Не правда ли, стоит  этот тюльпан, как из петлицы, вынуть из стихотворения, и оно немедленно померкнет!.. Почему? Не потому ли, что  весь этот молчаливый взрыв страсти, отчаяния, ревности и поистине смертной обиды - одним словом, все, что составляет в эту минуту для этой женщины  смысл ее жизни, все сосредоточилось, как в красном гаршинском цветке зла, именно в тюльпане: ослепительный  и надменный, маячащий на самом уровне ее глаз, он один высокомерно торжествует  в пустынном и застланном пеленою  слез, безнадежно обесцветившемся мире. Ситуация стихотворения такова, что  не только героине, но и нам, читателям, кажется, что тюльпан не "деталь" и уж, конечно, не "штрих", а что  он живое существо, истинный, полноправный и даже агрессивный герой произведения, внушающий нам некий невольный  страх, перемешанный с полутайным восторгом  и раздражением.

У иного поэта  цветок в петлице так и остался  бы более или менее живописной подробностью внешнего облика персонажа, но Ахматова не только вобрала в  себя изощренную культуру многосмысленных  значений, развитую ее предшественниками  символистами, в частности их умение придавать жизненным реалиям  безгранично расширяющийся смысл, но и, судя по всему, не осталась чуждой и великолепной школе русской  психологической прозы, в особенности  романа (Гоголь, Достоевский, Толстой) . Ее так называемые вещные детали, скупо  поданные, но отчетливые бытовые интерьеры, смело введенные прозаизмы, а  главное, та внутренняя связь, какая  всегда просвечивает у нее между  внешней средой и потаенно бурной жизнью сердца, - все живо напоминает русскую классику, не только романную, но и новеллистическую, не только прозаическую, но и стихотворную (Пушкин, Лермонтов, Тютчев, позднее - Некрасов) .  

 

ПУШКИН И АХМАТОВА

Говоря о любовной лирике Ахматовой, нельзя не сказать  несколько слов о чувствах самой  поэтессы, о ее кумирах, о предметах  ее восхищения.
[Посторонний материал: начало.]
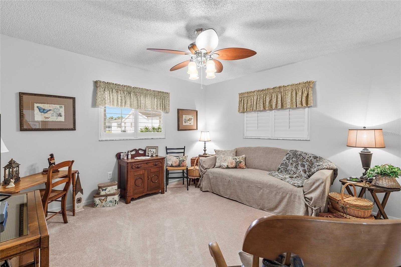 Located within the Premier 55+ Gated Golf Course Community of SPRUCE CREEK SOUTH, this exceptional home offers the perfect blend of relaxed Florida living and everyday convenience. Minutes from THE VILLAGES, FLORIDA off Hwy 441 / US 27, the property is ideally positioned near fine dining, upscale shopping, top rated hospitals, and provides easy access to I-75 for travel and day trips. The home is being sold FULLY FURNISHED allowing you to settle in and start enjoying the lifestyle immediately. This inviting 3 Bedroom, 2 Bath Holly Floor plan sits on a desirable corner lot and welcomes you with soaring ceilings in the living and dining areas that create a bright, OPEN atmosphere. LAMINATE Flooring runs through the main living spaces and the primary bedroom, while Carpeting adds comfort to the guest bedrooms and the Florida Room. UPDATED Cabinetry in both the Kitchen and Bathrooms enhances the home’s style and functionality, making everyday living both comfortable and efficient. One of the standout Features is the SPACIOUS 22 x 14 FLORIDA ROOM under air, complete with a vaulted ceiling, offering an ideal space for entertaining guests or unwinding with a peaceful morning coffee. Just beyond, a SCREENED PATIO provides a quiet outdoor escape, and the adjacent 9 x 25 STORAGE ROOM opens the door to endless possibilities, whether used as a hobby space, studio, workshop, or private retreat. The exterior is just as impressive, with attractive landscaping that adds curb appeal and a practical layout that includes a TWO CAR Garage plus a separate GOLF CART GARAGE with convenient side entry and utility door. Major systems have been thoughtfully maintained, with the HVAC replaced in 2020 and the water heater in 2012, offering added peace of mind. Surrounded by resort-style amenities and a welcoming neighborhood atmosphere, this home delivers a lifestyle that feels like a year round vacation. Don’t miss your opportunity to enjoy comfort, convenience, and community in one of central Florida’s most desirable active adult communities...Spruce Creek South.
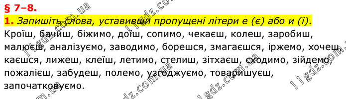 Запишіть слова, уставивши пропущені літери е (є) або и (ї). Кроїш, бачиш, біжимо, доїш, сопимо, чекаєш, колеш, заробиш, малюєш, аналізуємо, заводимо, борешся, змагаєшся, іржемо, хочеш, каєшся, лижеш, клеїш, летимо, стелиш, зітхаєш, сходимо, зійдемо, пожалієш, забудеш, полемо, узгоджуємо, товаришуєш, започатковуємо.
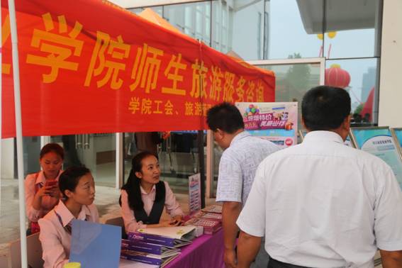 9月12日,在学院工会和旅游管理学院的共同努力下,我院与江苏省舜天海外旅游有限公司联合举办了针对我院师生的旅游服务咨询活动。这一天是来自全国各地2000多名新生报到的日子,也是旅行社旅游服务咨询活动首次走进我校校园。江苏舜天海外工作人员上午早早地在体育馆和图书馆门口搭起旅游服务咨询台,成为新生报到日的一隅亮丽风景线。参与服务的10名工作人员中有5名是我院毕业生,为期一天的旅游服务咨询活动给师生留下了深刻的印象,也提供了切实的旅游咨询服务。
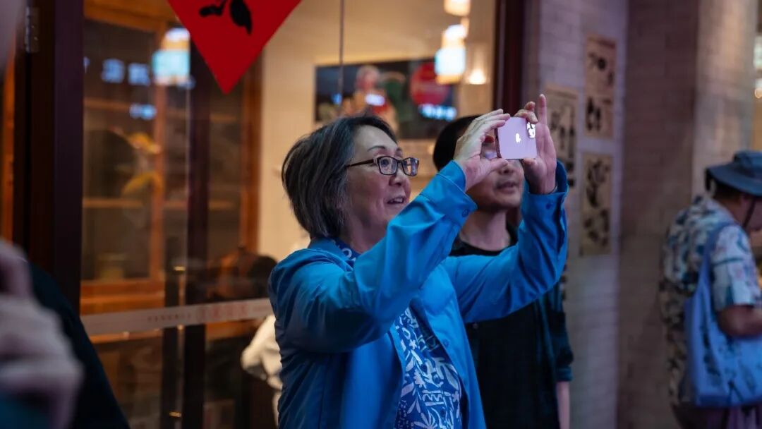 奶奶们来到唐人街展区,映入眼帘的是熟悉又亲切的景象。洗衣店、中餐店、杂货铺、中药铺、醒狮壁画……这里仿佛时间停滞的古老街区,满载着她们的回忆与乡愁。
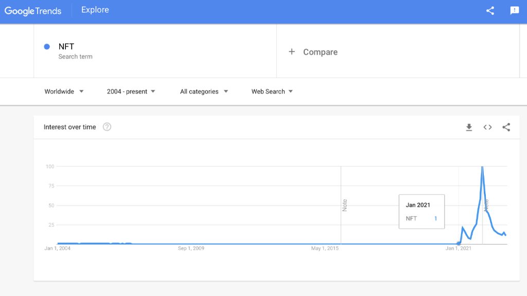Two years ago, the search query “NFT” first appeared on Google Trends (GT), reaching a score of 1 out of 100 in the first month of 2021. Before that time, GT data shows little to no interest in NFTs, despite their existence since 2014. A year later, NFTs were quite popular and the search query reached a score of 100 as searches for the term skyrocketed. Another year later, interest in NFTs has decreased significantly, with the search query reaching a score of 11 out of 100 during the week of January 22-28, 2023.
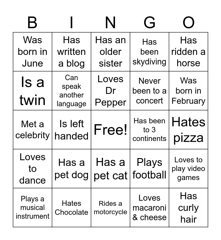 This bingo card has a free space and 31 words: Rides a motorcycle, Has a younger brother, Is left handed, Does yoga, Was born in June, Has an older sister, Can speak another language, Plays football, Has been to 3 continents, Loves macaroni & cheese, Hates pizza, Has curly hair, Has a beard, Is an only child, Was born in February, Never been on an airplane, Loves to play video games, Has a pet dog, Loves to dance, Has a pet cat, Has ridden a horse, Has made a YouTube video, Plays a musical instrument, Has written a blog, Never been to a concert, Is a twin, Has been skydiving, Met a celebrity, Hates Chocolate, Loves Dr Pepper and Likes to Garden.

И одним из неоскудевающим источником творческой радости и  вдохновения для Ахматовой был  Пушкин. Она пронесла эту любовь через всю свою жизнь, не побоявшись даже темных дебрей литературоведения, куда входила не однажды, чтобы прибавить  к биографии любимого поэта несколько  новых штрихов. (А. Ахматовой принадлежат  статьи: "Последняя сказка Пушкина (о "Золотом петушке") ", "Адольф" Бенжамена Констана в творчестве Пушкина", "О "Каменном госте" Пушкина", а также работы: "Гибель Пушкина", "Пушкин и Невское  взморье", "Пушкин в 1828 году" и  др.) В "Вечере" Пушкину посвящено  стихотворение из двух строф, очень  четких по рисунку и трепетно-нежных по интонации.